Kedua, langkah Jepang tersebut mengganggu kerja sama dan stabilitas kawasan Asia Timur. Dengan berlindung di balik narasi yang dikonstruksi secara politis, Jepang terus menguji batas toleransi negara-negara tetangga dan masyarakat internasional, termasuk melakukan provokasi terhadap Tiongkok. Hal ini berisiko meningkatkan kecemasan keamanan regional dan mengganggu struktur kerja sama serta stabilitas yang selama ini terbentuk.

Ketiga, tindakan tersebut berpotensi melemahkan fondasi tatanan internasional pascaperang. Pernyataan dan langkah yang mengikis legitimasi dokumen penting seperti Deklarasi Kairo dan Proklamasi Potsdam pada dasarnya menggoyahkan landasan hukum dan moral yang menjaga perdamaian global.

Pada akhirnya, apa pun cara yang ditempuh kabinet Takaichi untuk mendorong agenda politiknya, terdapat satu kenyataan yang tidak dapat dibantah: kelompok sayap kanan Jepang tengah keliru dalam membaca situasi internasional. Alih-alih menghadapi sejarah dan melakukan refleksi, mereka memilih mengobarkan konfrontasi antarnegara, berupaya melonggarkan batasan tatanan internasional pascaperang, dan membuka ruang bagi kebangkitan ideologi militeristik. Kebenaran sejarah tidak dapat dihapus; agresi Jepang pada Perang Dunia II telah didokumentasikan secara luas melalui arsip resmi dan kesaksian korban. Upaya untuk mengaburkan atau menolak sejarah hanya akan membuat motivasi sebenarnya semakin terlihat. Semakin Jepang mencoba melemahkan tanggung jawab sejarahnya, semakin jelas pula identitasnya sebagai pelaku agresi pada masa lalu—dan semakin besar risiko Jepang dipersepsikan sebagai potensi pengganggu perdamaian di Asia Timur.

Bagi kabinet Takaichi, pilihan paling rasional saat ini ialah menghadapi fakta sejarah, melakukan evaluasi mendalam atas kebijakan yang bermasalah, menarik kembali pernyataan yang tidak tepat, serta menghentikan langkah-langkah yang berpotensi membawa Jepang ke arah yang salah.
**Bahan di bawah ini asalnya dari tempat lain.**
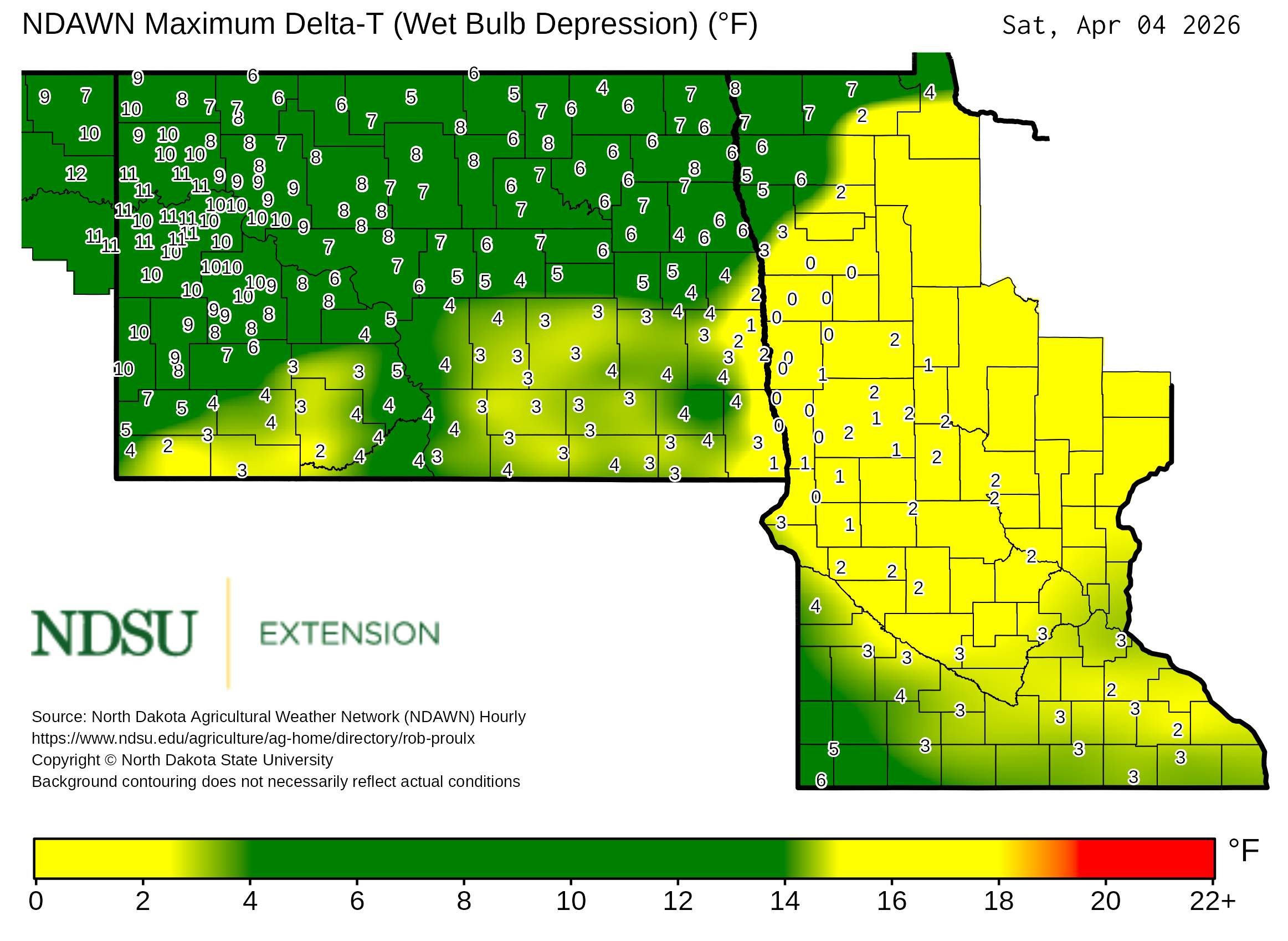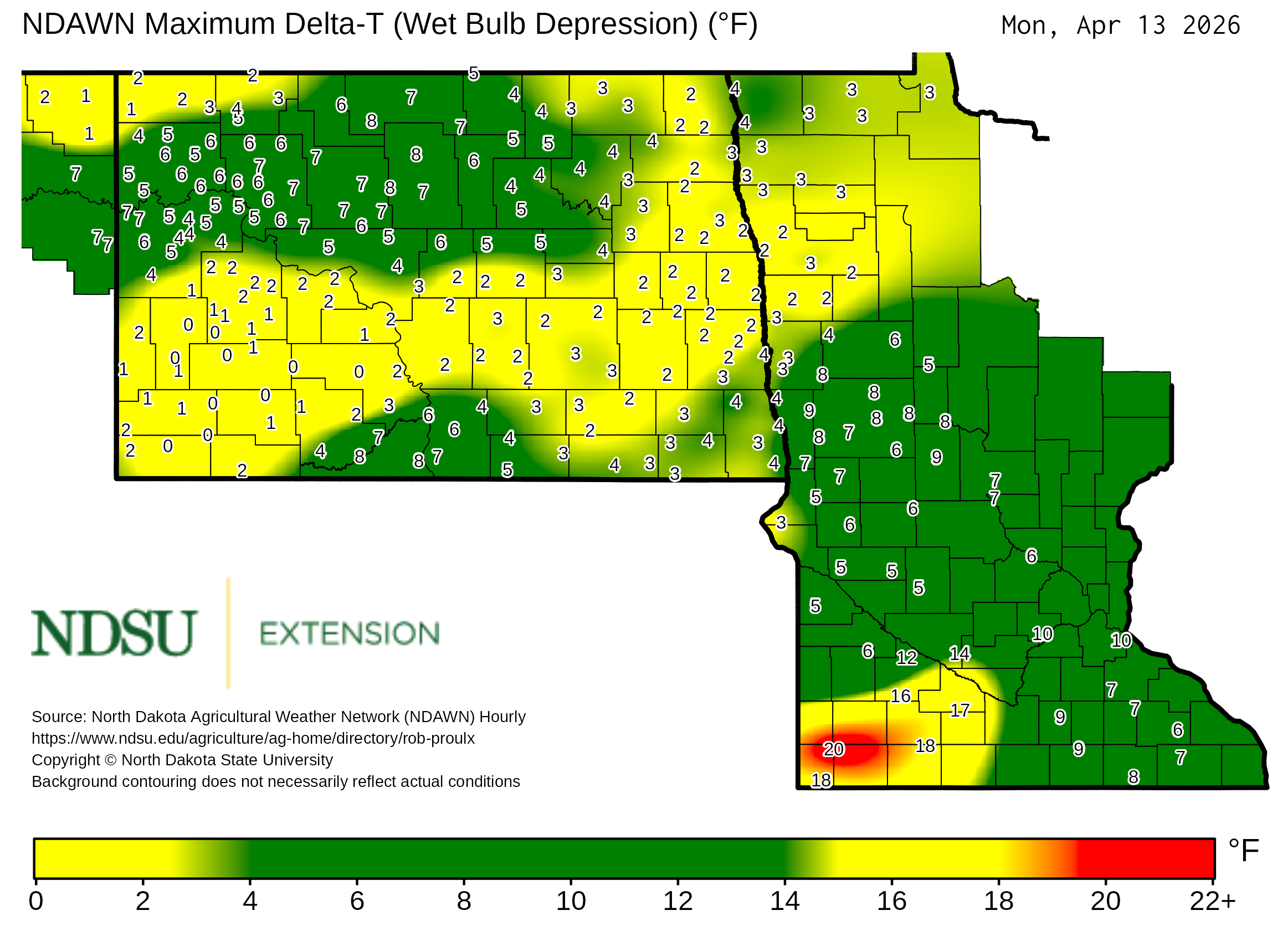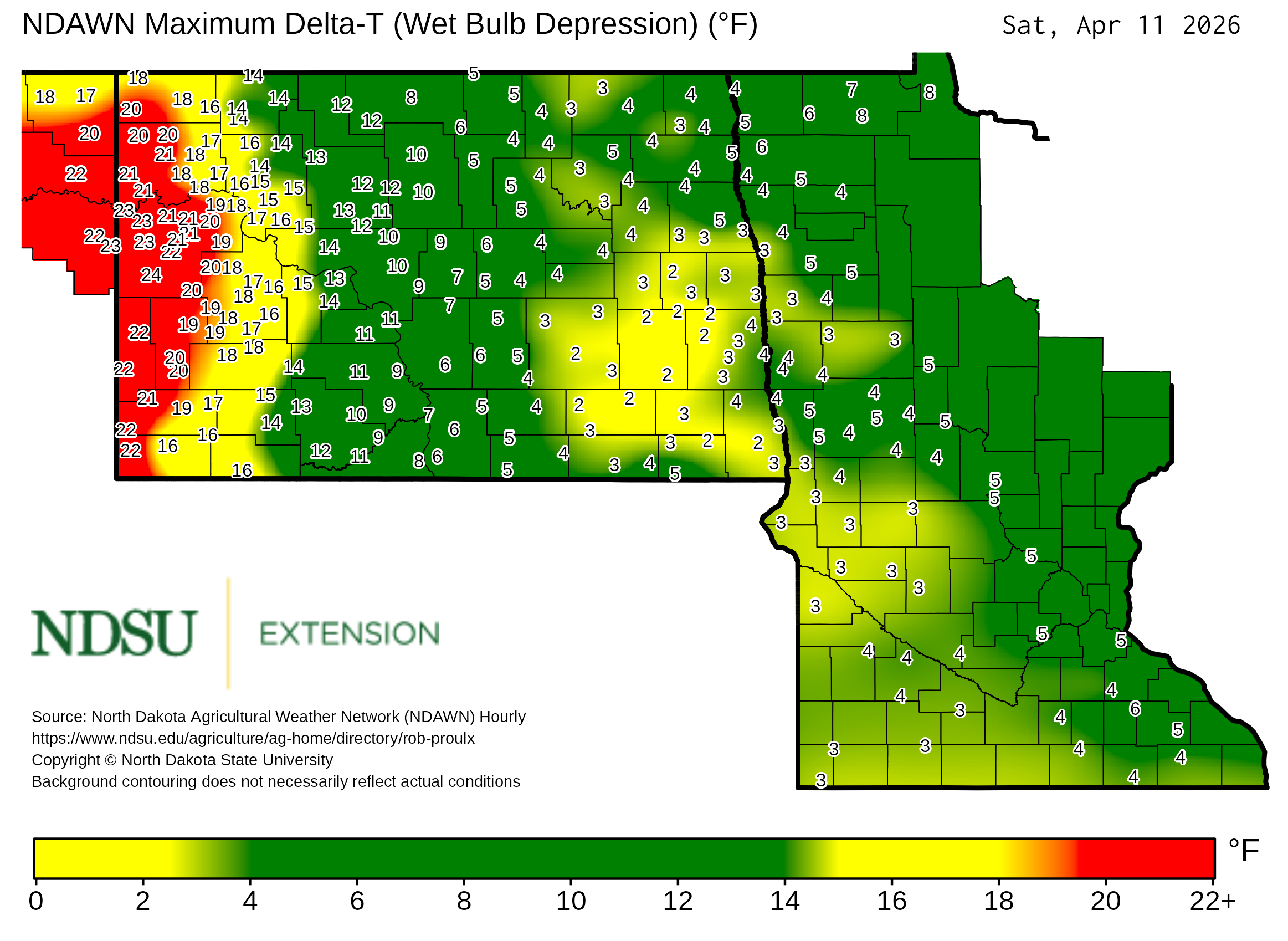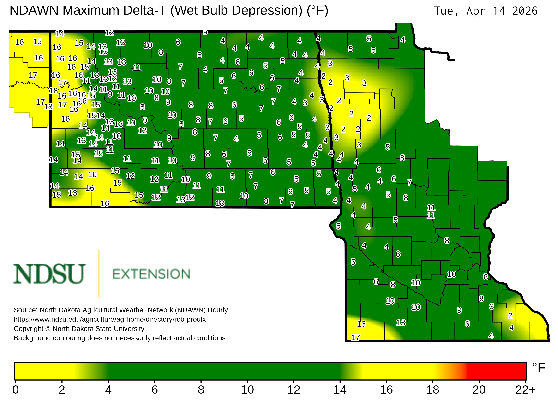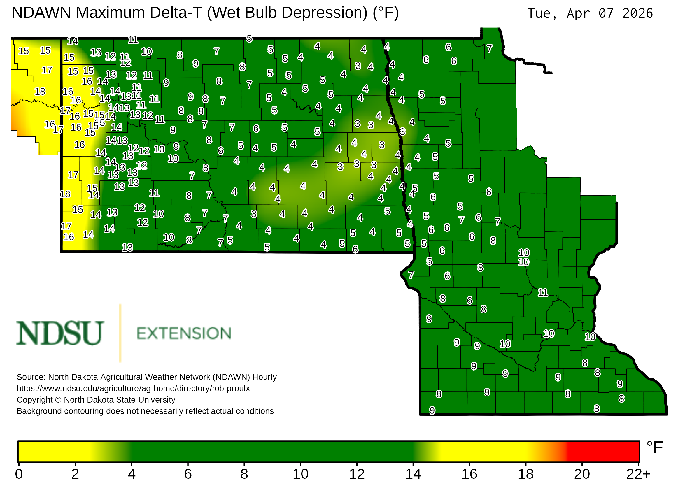 Historical maximum Delta T derived from North Dakota Agricultural Weather Network hourly data, which is available at
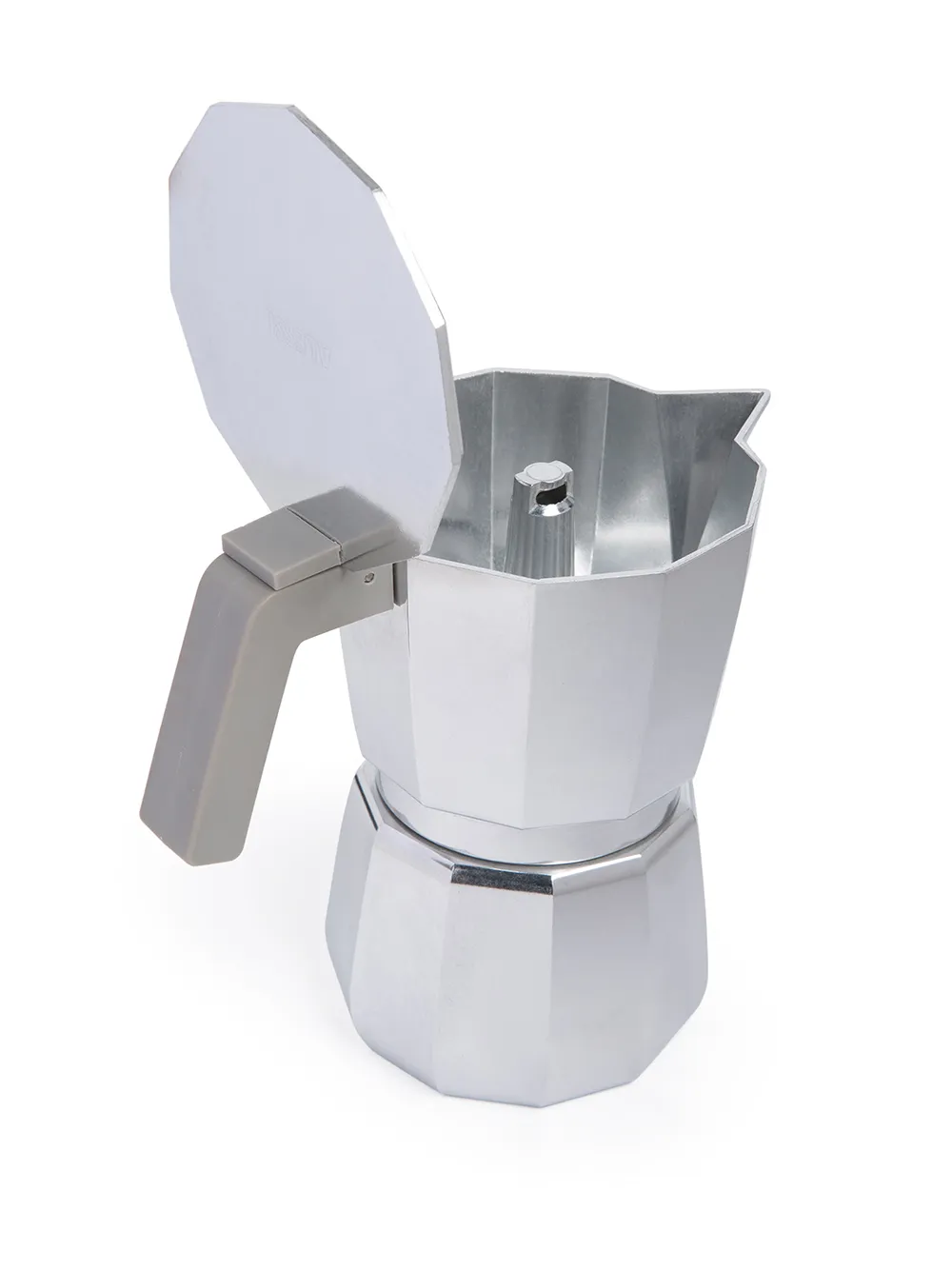 Кофеварка для эспрессо от Alessi. Панельный геометрический дизайн и отполированная отделка. Цвет: серебристый.

Sejarah telah dan akan terus membuktikan bahwa hanya dengan menghormati kebenaran sejarah, memikul tanggung jawab atas perang, serta mengedepankan prinsip pembangunan damai melalui dialog setara dan kerja sama substantif dengan negara-negara tetangga, Jepang dapat membangun lingkungan eksternal yang kondusif bagi pembangunan jangka panjangnya sekaligus memberikan kontribusi positif bagi perdamaian dan stabilitas kawasan.

Masyarakat internasional pun perlu tetap waspada, mendorong Jepang menjaga prinsip keadilan sejarah dan mematuhi norma dasar tatanan internasional pascaperang, agar kesalahan arah kebijakan tidak membawa risiko lebih besar bagi perdamaian regional maupun global.